The problem: Please output exactly the lines below, starting at the line that has "- Cloudera Base" and ending at the line that has "señala el escrito.", both included; leave out all pictures and include nothing else.

◇ ◇ ◇ ◇ ◇

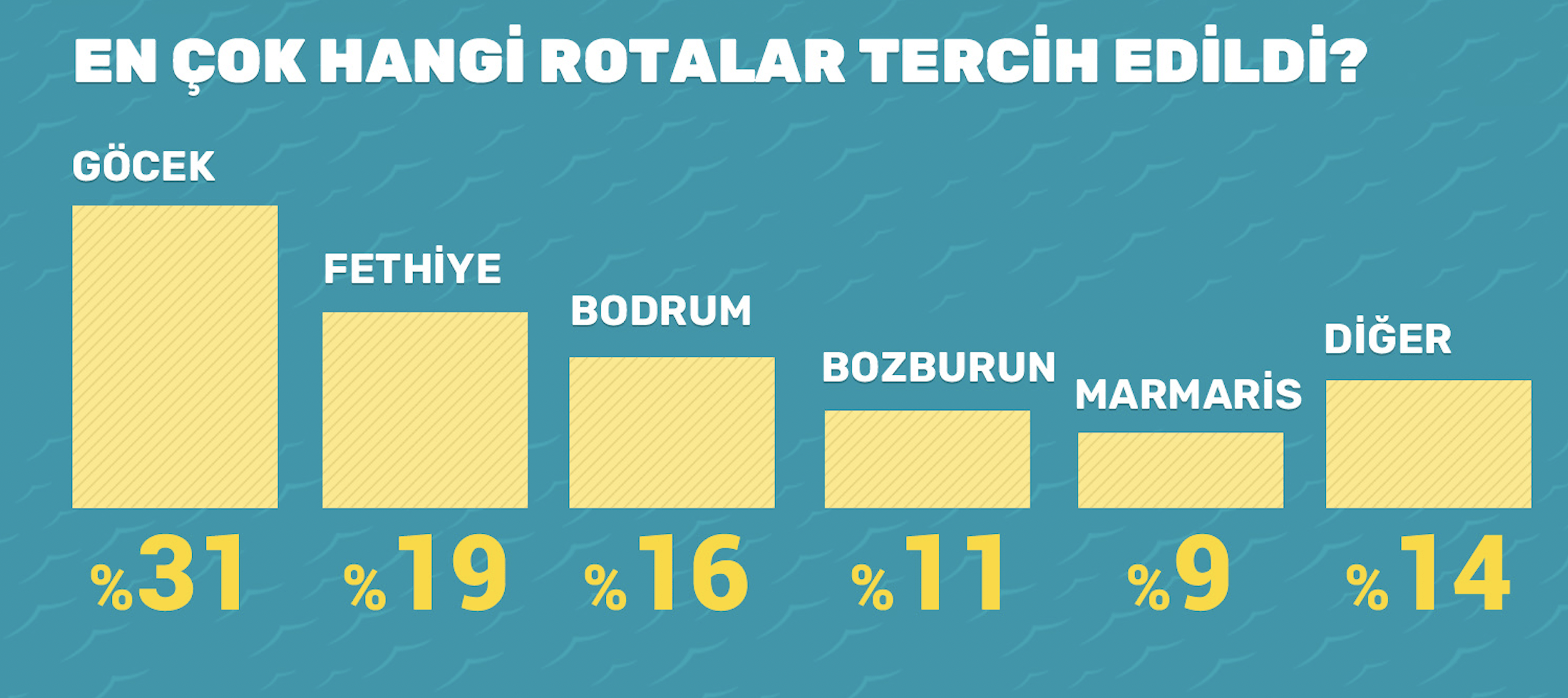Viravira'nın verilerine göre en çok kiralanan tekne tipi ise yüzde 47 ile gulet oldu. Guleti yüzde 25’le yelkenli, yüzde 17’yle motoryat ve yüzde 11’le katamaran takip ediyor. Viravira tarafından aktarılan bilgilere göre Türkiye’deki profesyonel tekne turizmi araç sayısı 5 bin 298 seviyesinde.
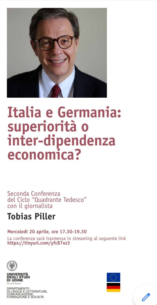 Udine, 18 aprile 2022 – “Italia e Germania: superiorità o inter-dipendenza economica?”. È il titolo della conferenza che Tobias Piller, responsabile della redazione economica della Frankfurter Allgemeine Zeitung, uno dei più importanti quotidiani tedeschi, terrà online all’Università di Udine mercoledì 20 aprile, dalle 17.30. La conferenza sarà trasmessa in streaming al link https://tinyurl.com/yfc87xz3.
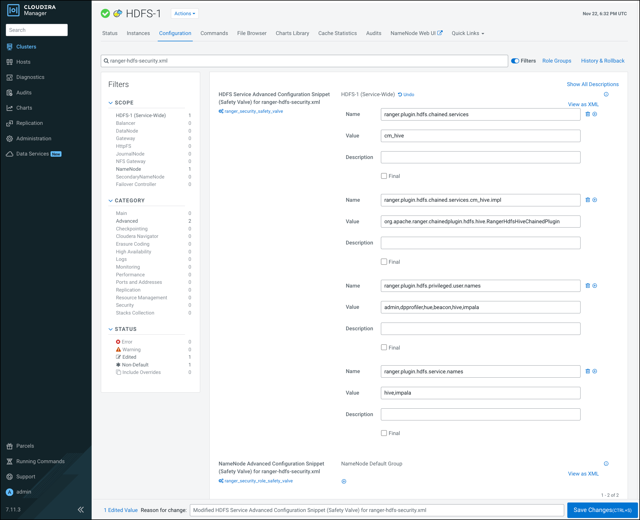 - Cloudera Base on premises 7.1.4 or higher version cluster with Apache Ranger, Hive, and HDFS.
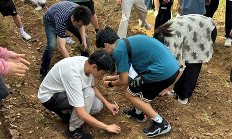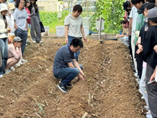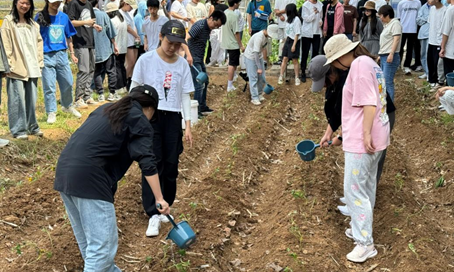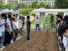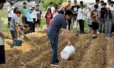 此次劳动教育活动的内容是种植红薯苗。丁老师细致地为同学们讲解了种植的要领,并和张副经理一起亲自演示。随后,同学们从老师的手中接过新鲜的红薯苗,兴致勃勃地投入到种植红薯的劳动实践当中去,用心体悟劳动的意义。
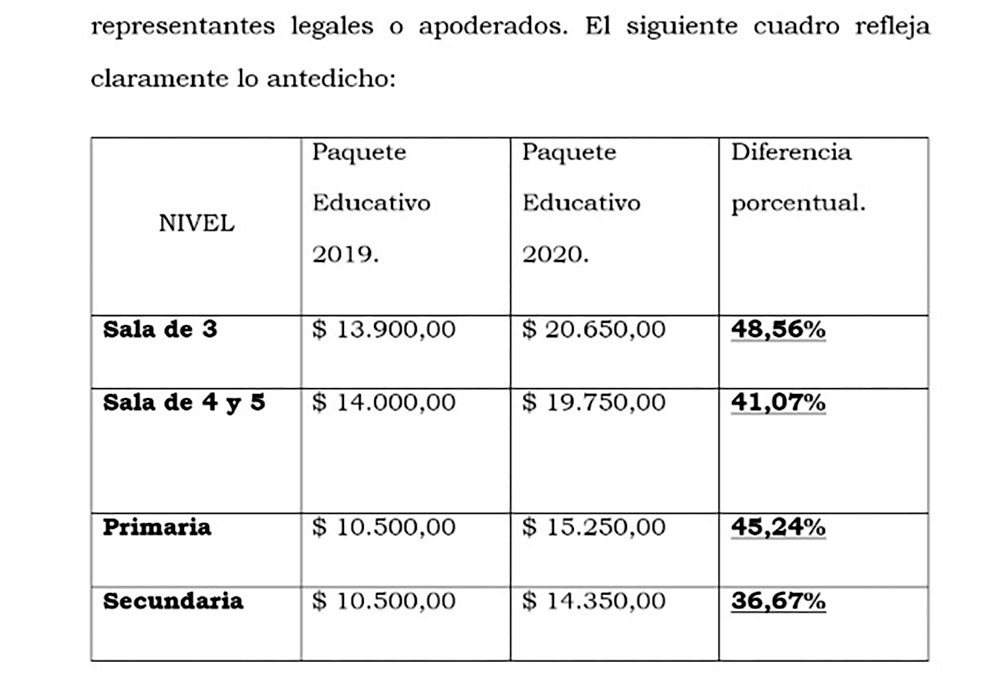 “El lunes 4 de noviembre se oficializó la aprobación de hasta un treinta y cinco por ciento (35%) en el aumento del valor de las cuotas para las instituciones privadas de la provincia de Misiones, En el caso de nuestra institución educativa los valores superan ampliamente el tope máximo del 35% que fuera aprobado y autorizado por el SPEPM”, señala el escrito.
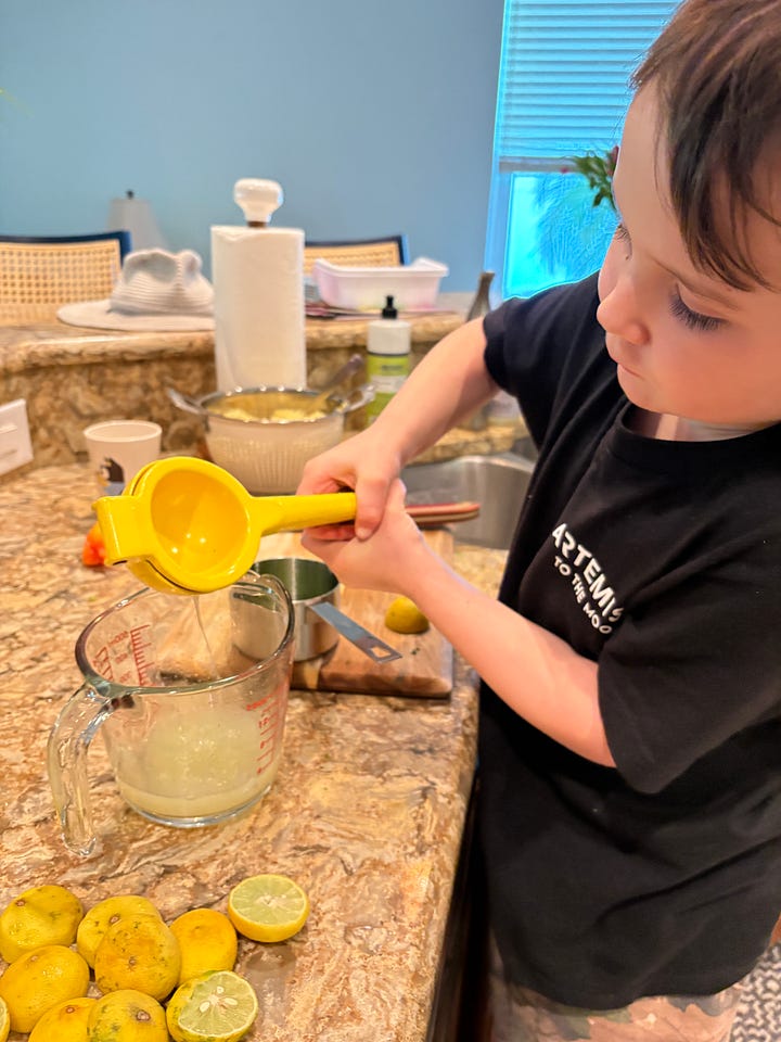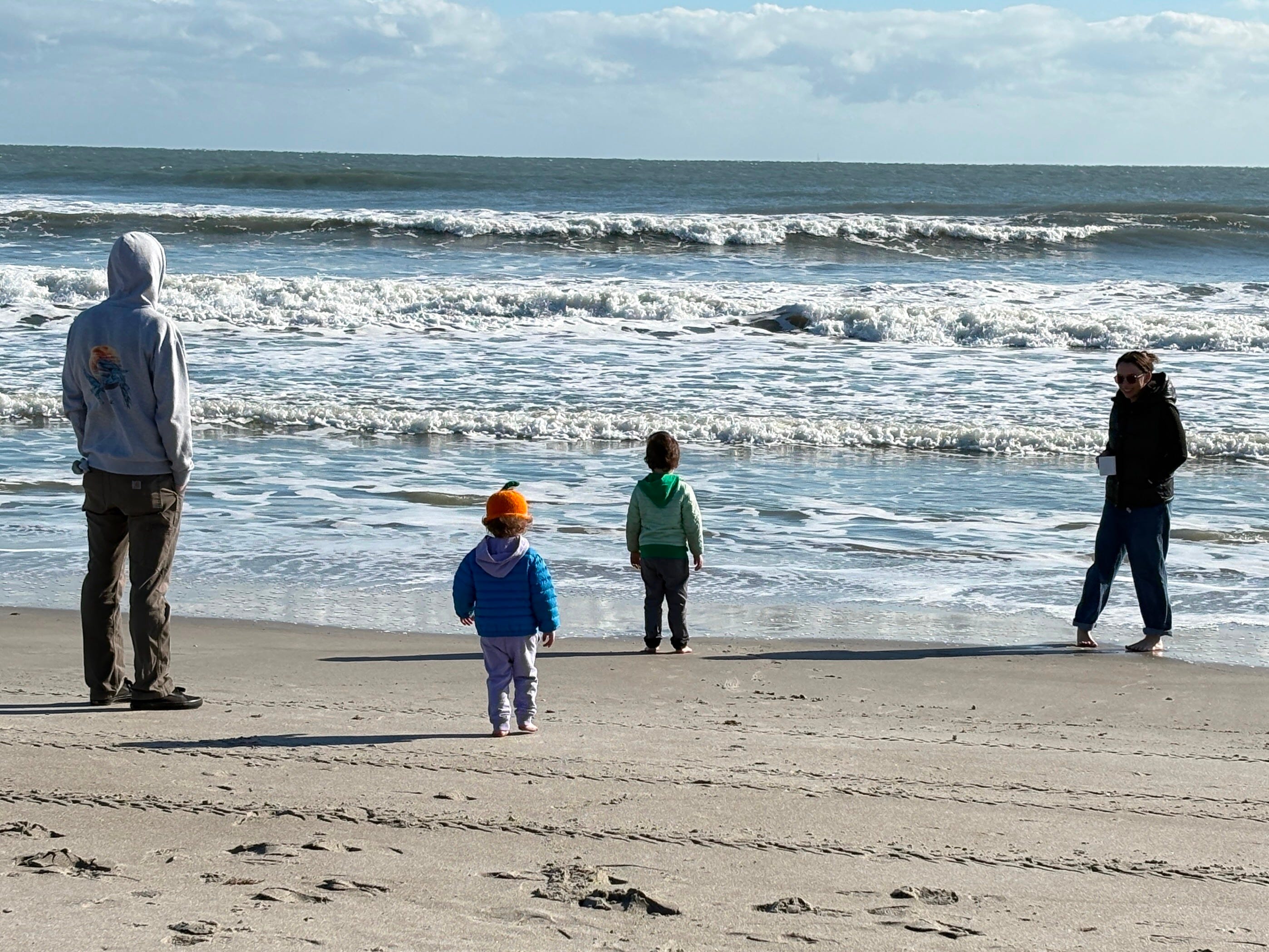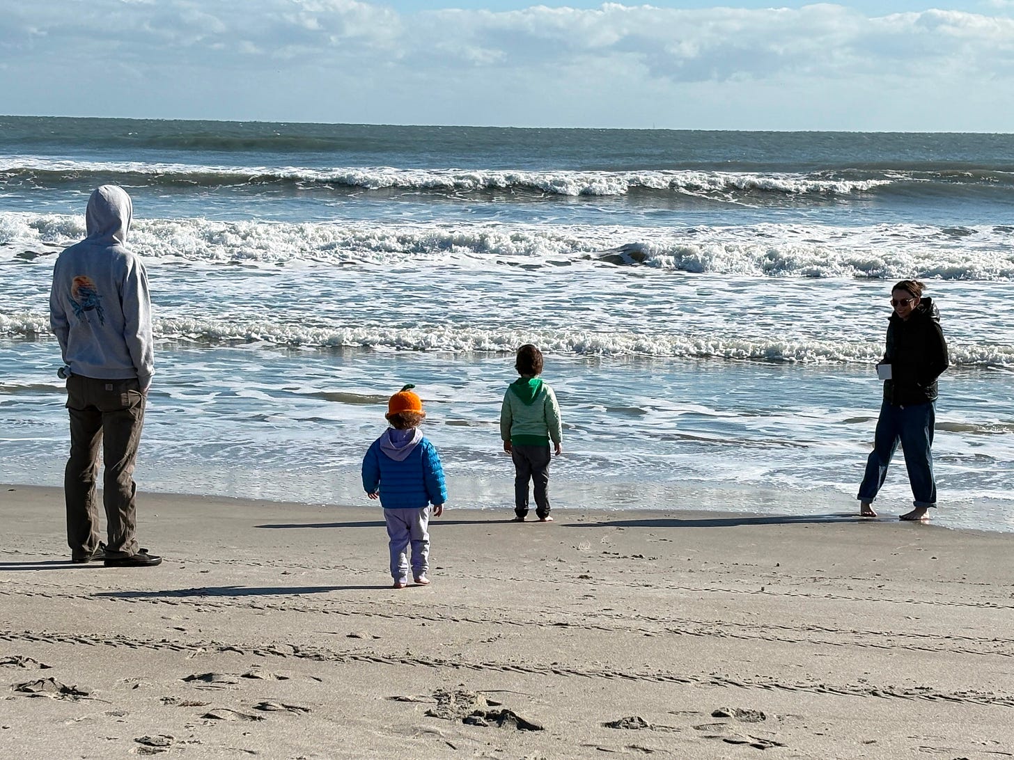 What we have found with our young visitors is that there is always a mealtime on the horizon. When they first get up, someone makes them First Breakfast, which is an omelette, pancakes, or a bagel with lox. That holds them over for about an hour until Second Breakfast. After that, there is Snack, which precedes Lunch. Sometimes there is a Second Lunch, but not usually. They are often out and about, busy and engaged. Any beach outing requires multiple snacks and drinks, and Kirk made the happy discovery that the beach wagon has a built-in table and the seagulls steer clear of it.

◇ ◇ ◇ ◇ ◇

Answer below:
 - Cloudera Base on premises 7.1.4 or higher version cluster with Apache Ranger, Hive, and HDFS.
 此次劳动教育活动的内容是种植红薯苗。丁老师细致地为同学们讲解了种植的要领,并和张副经理一起亲自演示。随后,同学们从老师的手中接过新鲜的红薯苗,兴致勃勃地投入到种植红薯的劳动实践当中去,用心体悟劳动的意义。
 “El lunes 4 de noviembre se oficializó la aprobación de hasta un treinta y cinco por ciento (35%) en el aumento del valor de las cuotas para las instituciones privadas de la provincia de Misiones, En el caso de nuestra institución educativa los valores superan ampliamente el tope máximo del 35% que fuera aprobado y autorizado por el SPEPM”, señala el escrito.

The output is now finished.